TASK STATEMENT:
The task calls for the lines from the start of the entries below through the line with "团课开展中,各个团支部围绕科", given again verbatim, with every picture dropped.

++++

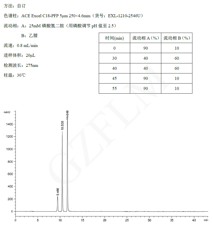 上述應(yīng)用強(qiáng)調(diào)了五氟苯基(PFP)相在位置異構(gòu)體分離中的優(yōu)勢(shì),ACE C18-PFP能夠提供很好的保留和分離效果,從而可以進(jìn)一步優(yōu)化以減少分析時(shí)間。
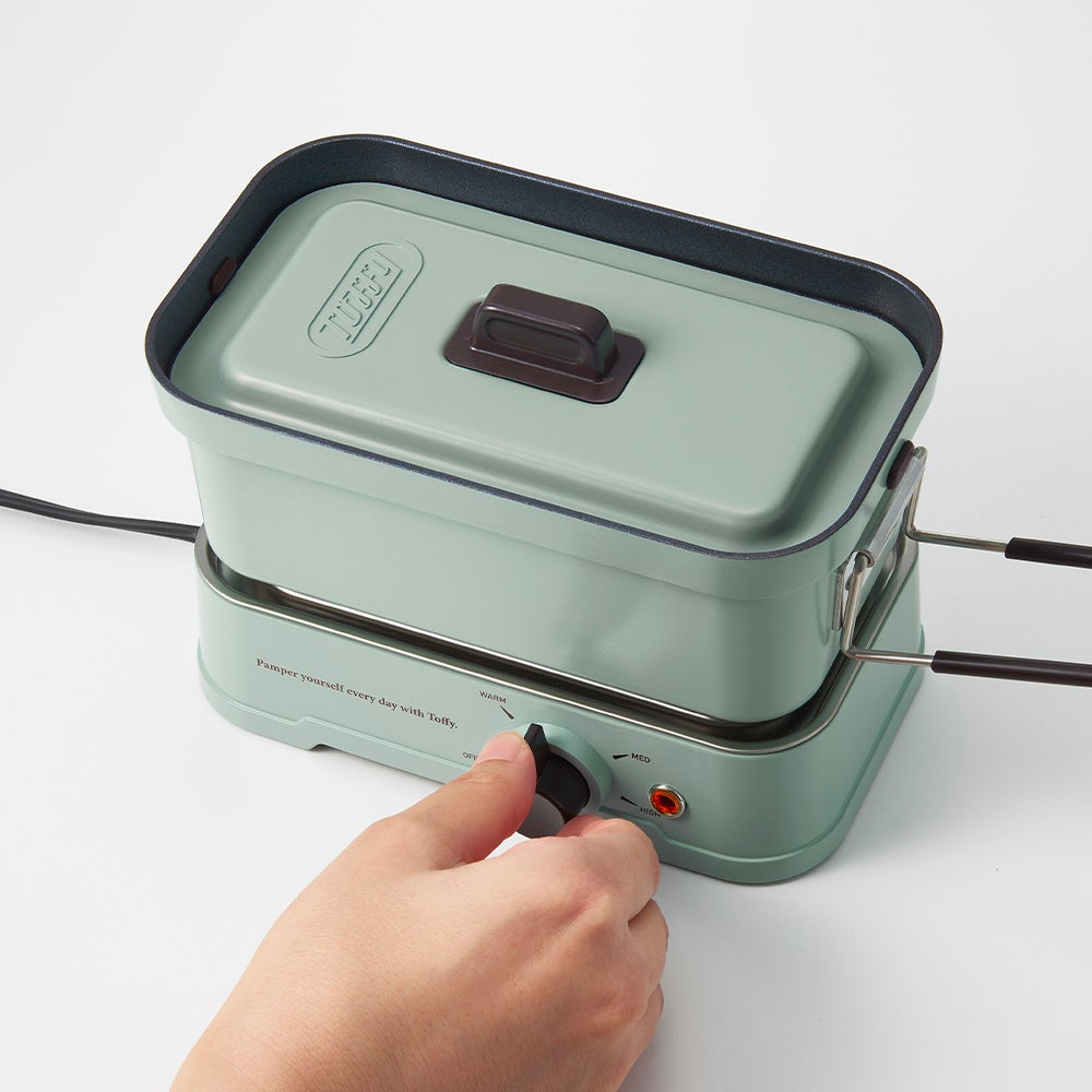 炊飯だけでなく、焼く・煮る・蒸すなどの調理ができ、『万能クッカー』と言われる“メスティン”。「Toffy ホットメスティン」は、そんなアウトドアで人気のメスティン調理がおうちで楽しめるキッチン家電です。メスティンに専用加熱台が付属し、火を使わずに食卓でも安心して調理できます。無段階の火力調節機能付きで、キャンプ調理では難しい火加減の細かな調節もお手のもの。とろ火でじっくり煮込んだり、火力を強くして炒め物など、どんなレシピも自由自在。お皿いらずでそのまま直接食べられて、余分な洗い物なしに、気軽に調理&食事ができるのも嬉しいポイントです。専用メスティンは直火でも使用できるので、おうちとアウトドア両方で楽しめます。内部はふっ素塗装でお手入れもラクラクです。ひとりご飯にも、みんなが集まるパーティーシーンでも大活躍!
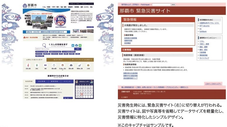 ここ5年間で、計40回もの台風に見舞われた沖縄県(※気象庁発表による接近数)。県庁所在地である那覇市は、令和元年3月にホームページを全面リニューアルし、大規模災害発生時の専用トップページを新規制作した。どの部署の職員でも切り替え可能な仕様としたほか、全国瞬時警報システム(Jアラート)とも連携。アクセス集中時でも住民がスムーズにアクセスできるよう、図や写真等を省略してデータサイズを軽量化している。通常ページにおけるウェブアクセシビリティJIS(JISX8341-3:2016※3)のレベルAA(一部レベルAAAの達成基準を含む)に準拠し、音声読み上げ機能や外国語翻訳機能も導入。
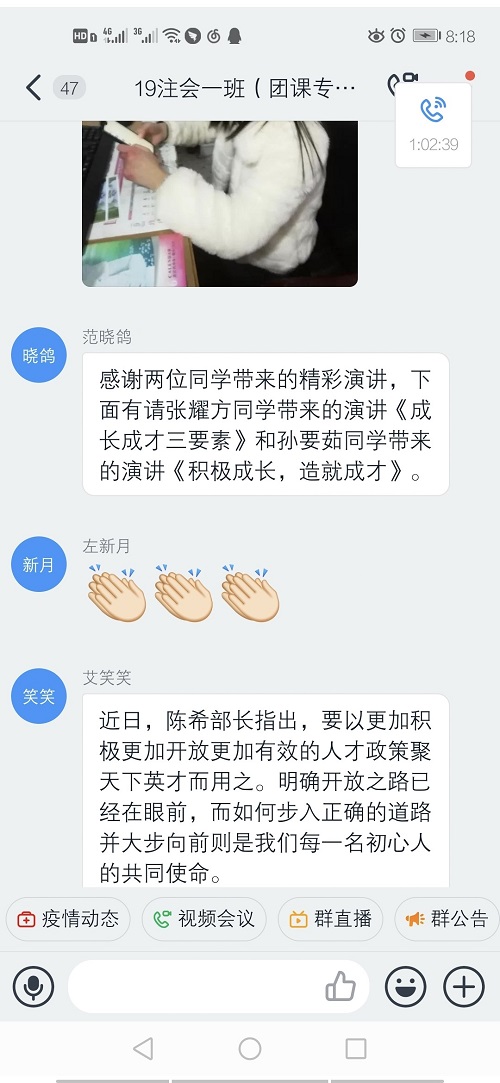 团课开展中,各个团支部围绕科学教育主题进行了广泛的讨论。有的团支部提出在当前新冠肺炎疫情影响下,应当引起同学们对成长成才的思考,不仅要有赤诚的爱国心,更要有爱国的能力。有的团支部通过直播方式,用身边的实例和近现代教育家的励志名言使同学们充分感受到了教育的意义。在各团员代表发言过程中,同学们积极参与、建言献策,为本次团课增添了一份活力。
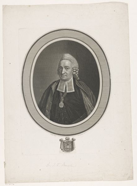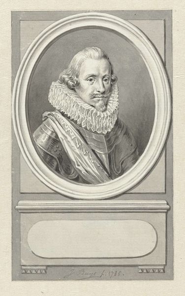 This portrait of Daniel Crommelin is rendered in delicate strokes of graphite on ivory, its circular form creating an intimate viewing experience. The monochrome palette focuses attention on the subject's profile, framed by a meticulously detailed wig. Notice how the artist employs a structured approach: the wig's curls and the sitter’s facial features are depicted with controlled lines, offering an almost architectural quality. This formal rigidity speaks to the values of the time, where composure and restraint were highly regarded, mirroring the Enlightenment's emphasis on reason and order. The composition, while simple, engages with the semiotic language of portraiture to convey status. Consider the absence of color as a deliberate choice. What does this reduction signify about the subject and the artist’s intent? This choice encourages a deeper engagement with form and structure, revealing how even in simplicity, a portrait can communicate complex narratives about identity and societal expectations.
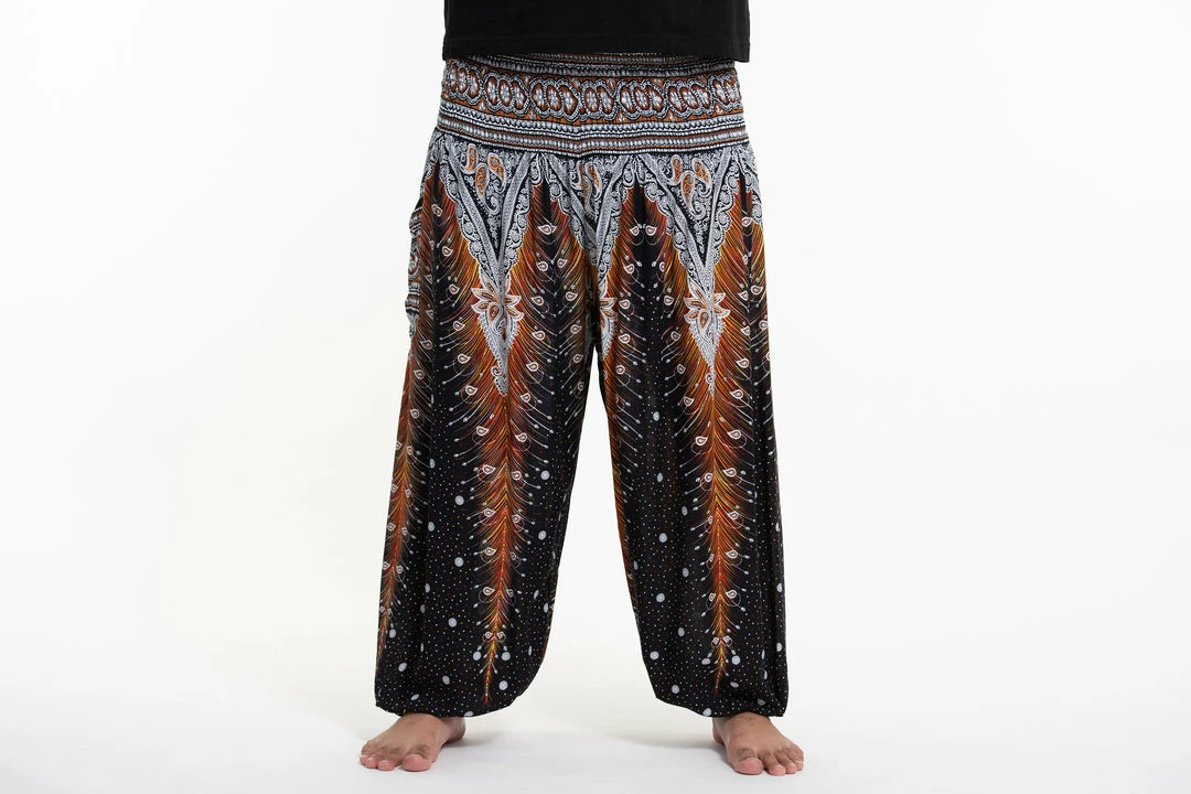 HaremPants.com Plus Size Peacock Feathers Men’s Harem Pants In Black

++++

OUTPUT BELOW:
 上述應(yīng)用強(qiáng)調(diào)了五氟苯基(PFP)相在位置異構(gòu)體分離中的優(yōu)勢(shì),ACE C18-PFP能夠提供很好的保留和分離效果,從而可以進(jìn)一步優(yōu)化以減少分析時(shí)間。
 炊飯だけでなく、焼く・煮る・蒸すなどの調理ができ、『万能クッカー』と言われる“メスティン”。「Toffy ホットメスティン」は、そんなアウトドアで人気のメスティン調理がおうちで楽しめるキッチン家電です。メスティンに専用加熱台が付属し、火を使わずに食卓でも安心して調理できます。無段階の火力調節機能付きで、キャンプ調理では難しい火加減の細かな調節もお手のもの。とろ火でじっくり煮込んだり、火力を強くして炒め物など、どんなレシピも自由自在。お皿いらずでそのまま直接食べられて、余分な洗い物なしに、気軽に調理&食事ができるのも嬉しいポイントです。専用メスティンは直火でも使用できるので、おうちとアウトドア両方で楽しめます。内部はふっ素塗装でお手入れもラクラクです。ひとりご飯にも、みんなが集まるパーティーシーンでも大活躍!
 ここ5年間で、計40回もの台風に見舞われた沖縄県(※気象庁発表による接近数)。県庁所在地である那覇市は、令和元年3月にホームページを全面リニューアルし、大規模災害発生時の専用トップページを新規制作した。どの部署の職員でも切り替え可能な仕様としたほか、全国瞬時警報システム(Jアラート)とも連携。アクセス集中時でも住民がスムーズにアクセスできるよう、図や写真等を省略してデータサイズを軽量化している。通常ページにおけるウェブアクセシビリティJIS(JISX8341-3:2016※3)のレベルAA(一部レベルAAAの達成基準を含む)に準拠し、音声読み上げ機能や外国語翻訳機能も導入。
 团课开展中,各个团支部围绕科学教育主题进行了广泛的讨论。有的团支部提出在当前新冠肺炎疫情影响下,应当引起同学们对成长成才的思考,不仅要有赤诚的爱国心,更要有爱国的能力。有的团支部通过直播方式,用身边的实例和近现代教育家的励志名言使同学们充分感受到了教育的意义。在各团员代表发言过程中,同学们积极参与、建言献策,为本次团课增添了一份活力。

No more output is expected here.